Callum grunted and looked away.
“So I decided to use your idea against you,” Arnold said. “I’m not showing up. I won’t be in Hamley village. I have more pressing matters to attend to, but I will offer this warning. If things don’t go my way, the blood of Little Belton will be on your hands.”
With that, the tape stopped and ejected itself from the player, as if possessed by a demon of its own.
Mr Winnow quickly turned it over to play side two, but it was his wife’s voice that greeted them, continuing her tale about a Plymouth Fury.
“Time to go home,” Holly said.
Mr Winnow fumbled with the ignition, working the key too harshly for it to catch. When the engine fired up, he tore out of the car park.
“I need to check my wife is okay,” he said, almost knocking over the drunken bride, who had left the pub for a breath of fresh air. She waved her L-plate angrily as they passed.
“I don’t get it,” Callum said, testing the security of his seat belt. “Why did he want to waste our time?”
Holly stared out of the window, watching fields of nothing blur by.
Tricked again, she thought. Not of Arnold’s design, but of their own. They’d given him the idea of placing the cheese in the trap. Mr Salting had described Arnold as deranged, but Holly saw him as calculating. Whatever Arnold was doing, following her was no longer his priority. It was a relief until she began to wonder why.
Holly barely noticed when they arrived by the kerbside of The Travelling Star.
“I could do with a drink,” Callum said. “Anyone else?”

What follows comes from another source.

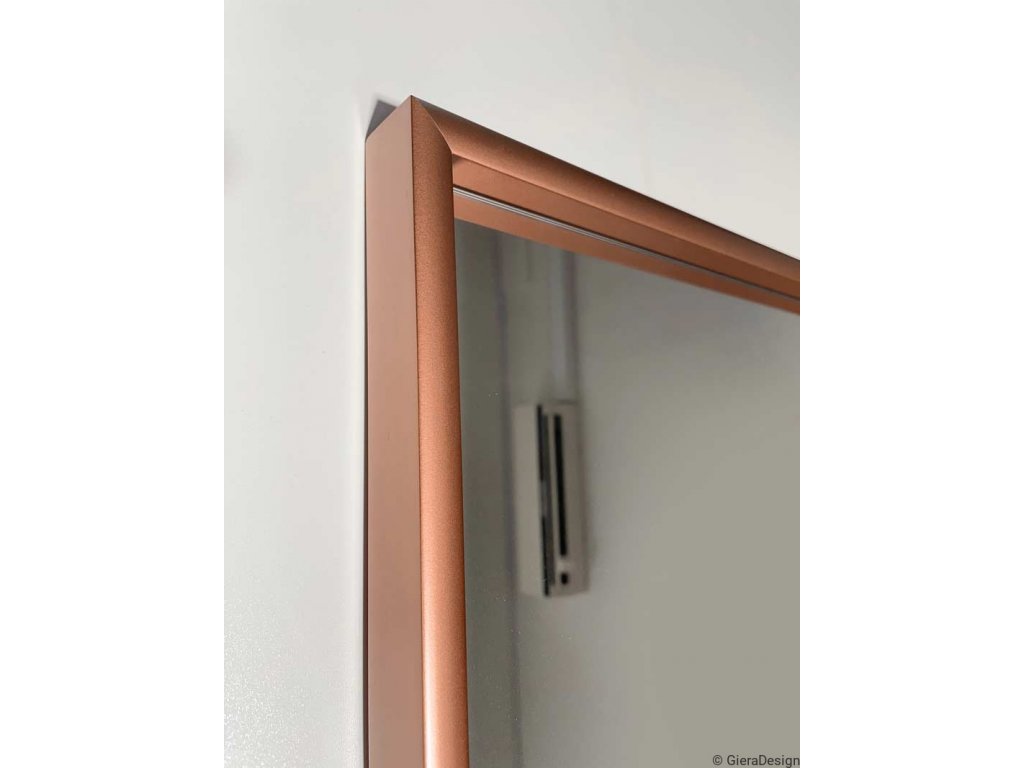 Rám je vyrobený z dreva lakovaného medenou farbou odolným metalickým polyuretánovým lakom. Medený lak, ktorým je rám lakovaný je špeciálne vyvinutý, má vysoký obsah kovových častíc. Vďaka tomu má rám nádherný kovový lesk. Kovová farba sa pri umývaní neodiera a nekoroduje. Hodí sa k väčšine medených batérií, svietidiel alebo iným doplnkom. Je v ňom vložené zrkadlo s vysokým leskom.

“Not for me,” Mr Winnow said. “I’m putting new locks on my doors.”
Holly and Callum slipped from the truck, waving goodbye to Mr Winnow as he drove ten feet up the road to his shop.
“To be honest, I don’t have the money to get the kind of drunk I want to,” Holly said to Callum. “Another time?”
“I’ll pay,” Callum said, “but let me nip upstairs first. This whole thing makes me want to change my clothes.”
Callum climbed the stairs to his rented room while Holly sloped into the Lounge, dropping into a stool by the bar. She hoped to see welcomi
ng faces, but the room was empty.
“What’ll you have?” Big Gregg asked, appearing from nowhere. Without waiting for an answer, he pirouetted to the optics and drained gin into a glass. “Feels like a gin day, doesn’t it?”
He poured one for himself and added tonic to both of their glasses. As the tonic water drained from the bottle, so did the humour from his face.
“I’ve got some bad news,” he said, gulping down his drink.
“Please, Big Gregg. Not today. I’ve had my fill of bad news,” Holly said.
“We all have.” Big Gregg smacked his lips, glancing at the gin optic, but resisting the urge for a second glass. “I had to get rid of my computerised till. Couldn’t afford to keep it, but they won’t let me out of the contract.”
“What do you mean?” Holly asked.
Big Gregg twisted his damp bar cloth in his large hands. “I was stupid. Never read the small print, but with all the new tourists, I thought it was a good investment. I’m paying a fortune for something I no longer have and with that bleedin’ hub out there, I’m not making any money.”
Holly hung her head, her hair trailing into her G&T. “I know what you’re going to say.”
“I’m sorry,” Big Gregg said. “I can’t afford to keep you on.”
Footsteps boomed through the ceiling and down the stairs. Callum burst into the Lounge, his face as thunderous as his feet.
“I know why Arnold Salting wanted us at that car park,” he said and disappeared back to his room.
Taking Big Gregg’s hand in hers, Holly pressed it against her lips.
“We’re going to be okay,” she said, jumping from her stool.
She followed Callum up wooden stairs that creaked with every footfall.
Callum was waiting outside his room, pointing inside. “I’ve been burgled.”
It was a single accommodation with a single bed. An IKEA wardrobe stood with its doors open, its contents strewn on the floor. Callum’s bags had been emptied, tipped out and ransacked. Even his rifle case was open, his rifle discarded, but its inner pockets were inside out.
“What was he looking for?” Holly asked, venturing into the room.